El espectacular robo es la punta visible de un iceberg que llega hasta las entrañas de la institución. El problema no se limita a la seguridad. También compromete la esencia misma del museo. La reducción de los fondos destinados a investigación y conservación contrasta con la inversión creciente en comunicación y marketing. Recuerdo mi indignación al conocer las cifras: un presupuesto irrisorio para restauración frente a millones destinados al rediseño de su logotipo. Irónicamente, tras el robo, el museo ha retirado su eslogan publicitario «Évadez-vous au Louvre» («Evádase en el Louvre») para no dar más ideas.

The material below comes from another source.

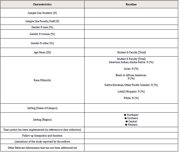 Data Extraction. For each of the selected articles, we will extract data and information based on the abstraction guide created, which is shown in Appendix B. This includes the demographic information of the sample size studied, the type of policy at the college campus and how well it is implemented, the nicotine use behavior of the students, the types of products that they are using, and where they are using nicotine. We will also extract information regarding the geographical location of the college campuses as well as any trends in vaping and smoking behavior.

El Louvre se ha convertido en un símbolo de la contradicción entre el ideal humanista del museo y su deriva. La lógica de la rentabilidad ha ido desplazando a la del conocimiento. Adolece de una precariedad que no se explica con los ingresos crecientes de su taquilla, siendo víctima y verdugo de una sobreafluencia buscada e incentivada, sin duda causa y aliciente del desastre que vive.
Visitar el Louvre, más que un deleite, es hoy una experiencia dolorosa: las interminables filas y las salas saturadas dificultan la contemplación y, con ella, el placer estético. Se olvida que el disfrute —el goce del arte— forma parte de los principios fundamentales del ICOM (Consejo Internacional de Museos), que define el museo como una «institución permanente, sin ánimo de lucro y al servicio de la sociedad, que investiga, colecciona, conserva, interpreta y exhibe el patrimonio material e inmaterial»
Como solía decir mi querido maestro Matías Díaz Padrón, el éxito de un museo no debería medirse «por su caja registradora», sino por su capacidad para cumplir esos principios. El turismo masivo es incompatible con la sostenibilidad, con la esencia y la dignidad misma del museo. Un museo no debe ser nunca un negocio, debe vivir de la financiación del gobierno y no depender de sus ingresos comerciales. Desde la apertura del centro comercial bajo la pirámide en 1989 o el desplazamiento de su librería especializada —antes una de las mejores del mundo— para dar paso a una tienda de souvenirs, el Louvre parece haber perdido parte de su alma.
Lo que debería ser un templo del arte se ha convertido en una maquinaria turística, en un parque temático que olvida su razón de ser. El robo de octubre no es solo un escándalo policiaco, sino el síntoma evidente de una crisis más profunda: la pérdida de los valores que hicieron del Louvre un faro de la cultura universal.
El vacío dejado por las joyas robadas no es solo físico: revela una grieta moral. Lo que está en juego no es la seguridad de un museo, sino su alma. Tal vez haya llegado el momento de preguntarnos qué queremos que sea el Louvre —y, por extensión, nuestros museos—: templos del arte y del conocimiento, o simples escaparates de una cultura que confunde la emoción con el espectáculo superficial y la visita con el consumo.